SCC Expands Use of Summary Trials

The reasons of the Supreme Court of Canada in Hryniak v Mauldin 2014 SCC 7 were recently published, expanding the role of summary procedures in Canada. This is an Ontario case applying relatively new summary judgment rules allowing those Courts to weigh evidence, evaluate credibility, and draw inferences. The Supreme Court emphasized that the aim of trial rules are to achieve a fair process and a just result.

In this case investors sued for civil fraud because money sent to the defendants disappeared (after being deposited in an offshore bank).  The plaintiffs obtained summary judgment against one defendant, but the court dismissed the application against other defendants saying a trial was required to determine factual issues.
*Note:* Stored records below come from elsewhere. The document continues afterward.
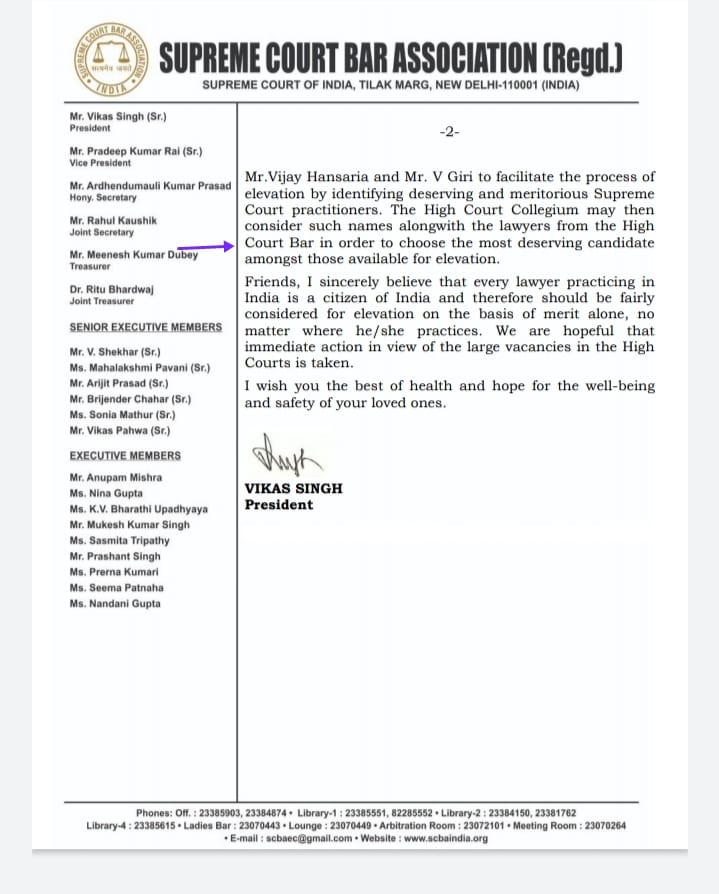 The letter of the Supreme Court Bar Association dated 8:6:2021, which seeks elevation of lawyers practicing before the Supreme Court to High Courts, uses the following words;
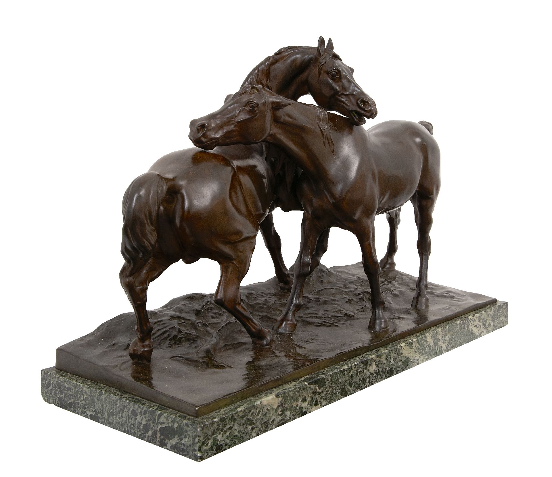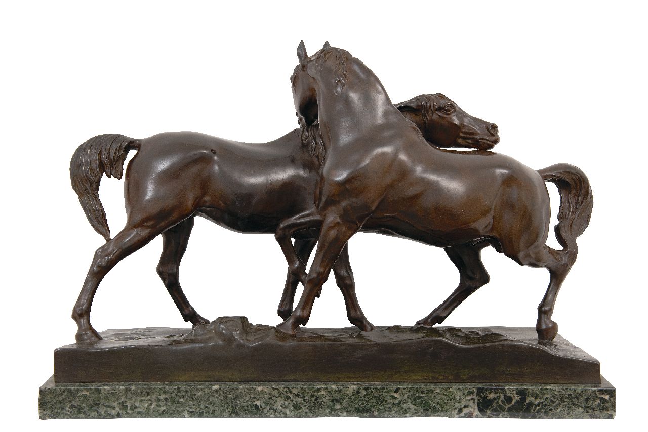 Pierre Jules Mène kunstwerk • beeld • sculptuur • voorheen te koop Twee paarden (postuum gegoten)
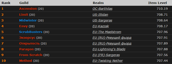- 第一个CD 接近尾声,各大公会的装备积累基本已经定型,之前在T17版本表现出色的澳服公会Ascension暂列装等第一,高达710的装等领先了第二名2点。 Paragon、Method、Exorsus等传统强会均在707左右。国服公会的平均装等在wowprogress中出入较大,应在707-708之 间,甚至更高。
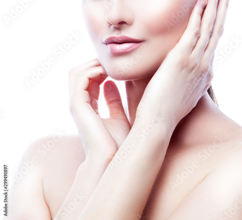 Fototapeta premium Part of beauty woman face with lips, shoulder and hand with clean skin and natural make-up.
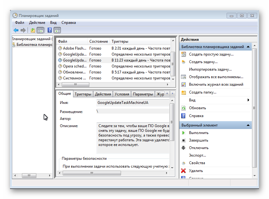 Кликните на подозрительное задание 2 раза и перейдите во вкладку «Действия», где вы сможете увидеть, какой файл запускается. Если запуск задания происходит каждые полчаса или меньше, а в некоторых случаях и чаще, то это задание необходимо удалить.
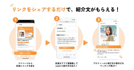 信頼でつながるマッチングアプリpecoliを運営している株式会社pecoli(本社:渋谷区、代表取締役 山田 浩太)は、マッチングアプリ上でも友達の恋を応援できる業界初となる友達に紹介文が書ける「かんたん紹介文」機能の提供を開始しました。送られた紹介文はプロフィールに掲載され、マッチング率の向上やその後のメッセージ返信率に繋がります。(※1)この新機能では、アプリ未登録の方でも登録済みの友達に紹介文を送ることが可能です。

The unsuccessful defendant appealed.

Though it dismissed the appeal on the merits, the Ontario Court of Appeal held the case was not an appropriate candidate for summary judgment, interpreting “interest of justice” in the rule to mean the court required a full appreciation of the evidence to grant summary judgment.  The Court of Appeal suggested the case was unfit for summary judgment because it required fact finding on an extensive record and involved conflicting evidence from witnesses.

Justice Karakatsanis, for a unanimous Supreme Court of Canada, found that the test used by the Court of Appeal requiring a “full appreciation of the evidence” was too stringent, and replaced it with a test of whether the expense and delay of a full trial were required to obtain a just result after a fair process.
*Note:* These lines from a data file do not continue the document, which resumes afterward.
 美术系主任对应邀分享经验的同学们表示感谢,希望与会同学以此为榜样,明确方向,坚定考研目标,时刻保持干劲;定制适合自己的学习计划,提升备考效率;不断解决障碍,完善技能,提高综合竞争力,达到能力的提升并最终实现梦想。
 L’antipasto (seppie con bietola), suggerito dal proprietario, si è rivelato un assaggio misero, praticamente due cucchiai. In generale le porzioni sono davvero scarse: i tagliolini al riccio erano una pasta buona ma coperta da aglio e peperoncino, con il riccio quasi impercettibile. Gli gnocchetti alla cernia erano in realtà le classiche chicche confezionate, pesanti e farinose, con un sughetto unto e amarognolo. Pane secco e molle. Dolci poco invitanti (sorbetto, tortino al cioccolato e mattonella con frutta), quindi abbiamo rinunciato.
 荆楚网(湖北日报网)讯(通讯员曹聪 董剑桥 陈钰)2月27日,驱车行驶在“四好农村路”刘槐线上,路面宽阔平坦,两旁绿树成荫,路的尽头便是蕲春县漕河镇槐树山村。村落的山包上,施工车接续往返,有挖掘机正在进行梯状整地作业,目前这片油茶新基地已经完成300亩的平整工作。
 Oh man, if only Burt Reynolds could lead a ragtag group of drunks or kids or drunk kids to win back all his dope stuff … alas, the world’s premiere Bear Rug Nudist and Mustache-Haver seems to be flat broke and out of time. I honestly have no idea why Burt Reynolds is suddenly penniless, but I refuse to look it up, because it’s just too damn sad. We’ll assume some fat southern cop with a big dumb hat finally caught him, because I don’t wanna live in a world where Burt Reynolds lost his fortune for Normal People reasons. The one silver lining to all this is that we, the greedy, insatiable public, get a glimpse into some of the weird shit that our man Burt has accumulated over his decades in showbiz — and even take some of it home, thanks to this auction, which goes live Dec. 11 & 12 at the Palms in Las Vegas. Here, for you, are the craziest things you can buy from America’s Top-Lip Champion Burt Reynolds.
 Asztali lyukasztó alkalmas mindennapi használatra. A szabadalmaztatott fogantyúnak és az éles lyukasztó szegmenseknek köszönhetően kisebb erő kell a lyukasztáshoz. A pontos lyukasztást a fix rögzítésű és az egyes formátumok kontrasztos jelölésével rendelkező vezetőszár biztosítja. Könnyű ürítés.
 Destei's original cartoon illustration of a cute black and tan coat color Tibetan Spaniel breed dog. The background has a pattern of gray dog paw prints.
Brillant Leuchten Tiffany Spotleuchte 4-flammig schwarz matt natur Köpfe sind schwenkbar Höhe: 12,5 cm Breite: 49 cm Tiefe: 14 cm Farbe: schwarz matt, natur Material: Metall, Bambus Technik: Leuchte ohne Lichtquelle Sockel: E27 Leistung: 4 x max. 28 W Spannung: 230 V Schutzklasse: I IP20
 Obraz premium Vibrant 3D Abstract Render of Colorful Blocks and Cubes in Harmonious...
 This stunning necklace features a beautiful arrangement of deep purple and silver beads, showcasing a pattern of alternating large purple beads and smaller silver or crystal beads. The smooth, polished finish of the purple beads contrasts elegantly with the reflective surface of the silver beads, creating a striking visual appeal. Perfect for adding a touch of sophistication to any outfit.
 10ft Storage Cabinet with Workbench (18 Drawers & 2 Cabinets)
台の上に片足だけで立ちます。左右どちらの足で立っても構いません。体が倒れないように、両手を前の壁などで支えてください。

The Court also made sweeping comments about the procedure: the Canadian civil justice system requires a culture change to allow access to summary procedures to resolve disputes; obtaining justice through trial can be illusory because of the cost; settlement hinges on adjudication being a realistic alternative; the old system of extensive pre-trial processes and conventional trial no longer reflects modern reality and the needs of justice; and alternative models of adjudication are no less legitimate than the conventional trial. The Supreme Court suggested a failed summary judgment motion can be salvaged by the presiding judge using the powers of trial procedure and becoming seized of the matter for trial.

This decision is expected to be influential in British Columbia, although in BC this procedure is labeled summary trial. Summary trial has a long and successful history in British Columbia but many cases fail because courts find them unsuitable for the procedure. The comments made by the Supreme Court of Canada can be cited to Judges in British Columbia to make this procedure available for more cases and resulting in fewer applications for summary trial failing on the basis of unsuitability.